Water is now the most popular drink in the U.S.
Unfortunately, almost 40% of that water comes in a plastic bottle.
This is important to know, because whether you’re imbibing water or soda, the chances are that Coke and Pepsi are making a profit from your thirst. That’s because 50% of the bottled water market is owned by Coke and Pepsi.
How on earth did these corporations convince us to pay for something we already own?
From The Associated Press:
For more than two decades, soda was the No. 1 drink in the U.S. with consumption peaking in 1998 at 54 gallons a year, according industry tracker Beverage Digest. Americans drank just 42 gallons a year of water at the time.
But over the years, as soda increasingly came under fire for fueling the nation’s rising obesity rates, water quietly rose to knock it off the top spot.

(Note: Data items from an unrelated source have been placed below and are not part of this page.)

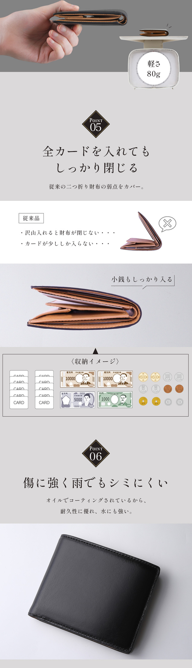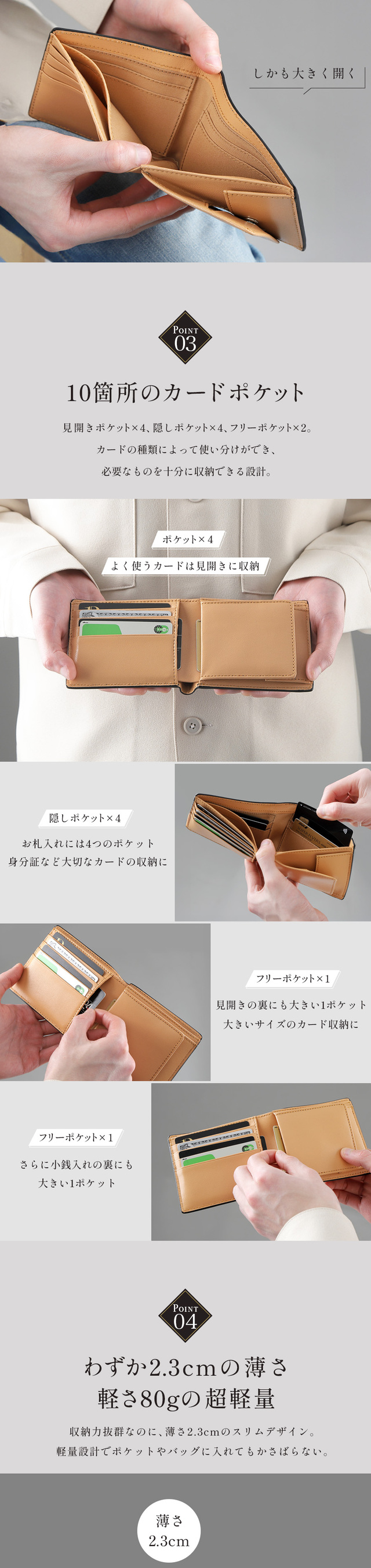 お札入れ2箇所の仕切り有りタイプで、カード収納は10枚(カードポケット8箇所、フリーポケット2箇所)あります。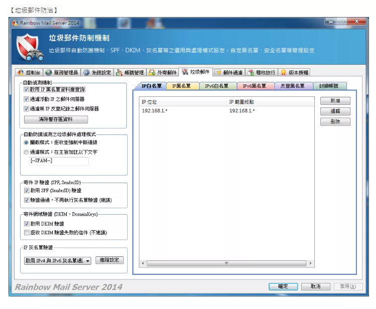支援SSL 及 IPv4/IPv6 雙 IP 機制,採用雲端概念式垃圾郵件防護機制、並支援DKIM、SPF 驗證,內建垃圾郵件過濾、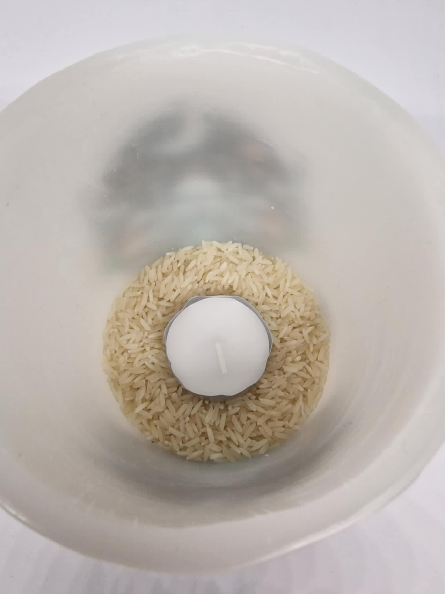 Je kunt in plaats van rijst, zand, kiezelstenen of linzen. Je kunt van alles gebruiken waarvan je denkt dat het geschikt is om de basis van het kaarslantaarn te beschermen tegen de hitte van de warmte

Americans now drink an average of 44 gallons of soda a year, a 17 percent drop from the peak in 1998. Over the same time, the average amount of water people drink has increased 38 percent to about 58 gallons a year. Bottled water has led that growth, with consumption nearly doubling to 21 gallons a year.
That’s right: bottled water, not tap water. Coke and Pepsi must be laughing all the way to the bank: with soda sales declining, they launched aggressive marketing campaigns to convince consumers that bottled water was better for them. And it seems to be working.
Most of us like to think we know how to get a bargain. But when it comes to bottled water, Americans are conned every year to the tune of $15 billion (the amount spent on bottled water) and 21 billion gallons (the amount of bottled water consumed), paying twice for a commodity that’s already ours.
Australia Selling Sand To Saudi Arabia?
Remember the story that broke a few years ago about Australia selling sand to Saudi Arabia? The construction boom in the desert nations of the Middle East created a demand for raw materials, and some clever salespeople at GMA Garnet convinced people in Saudi Arabia to buy Australian sand. Supposedly their sand was especially hard and durable, unlike the sand in Saudi Arabia, making it preferable for their building projects.
Have the bottled water companies been taking lessons from GMA Garnet?
Even if you don’t mind that these companies are ripping us off, there are plenty more reasons not to drink bottled water:
* No healthier than tap water: In theory, bottled water in the U.S. is subject to regulation by the Food and Drug Administration (FDA). In practice, about 70 percent of bottled water never crosses state lines for sale, making it exempt from FDA oversight. On the other hand, municipal water falls under the purview of the Environmental Protection Agency, and is regularly inspected for bacteria and toxic chemicals.
* It’s fake: The Natural Resources Defense Council reveals that an estimated 25 percent or more of bottled water is really just tap water in a bottle — sometimes further treated, sometimes not.
* 80% of bottles end up in a landfill: Americans buy over 25 billion single-serving (1 liter or less) plastic water bottles each year. Almost eight out of ten end up in a landfill or incinerator. Hundreds of millions end up as litter on roads and beaches or in streams and other waterways. Taxpayers pay hundreds millions of dollars each year in disposal and litter cleanup costs.
* Oil consumption: Producing all those bottles requires more than 1.5 billion barrels of oil every year – enough to fuel about 100,000 cars for the entire year.
Drinking water is great for your teeth, bones, and general good health, but why not put a cap on bottled water?
We don’t need to boost the profits of the likes of Coke and Pepsi.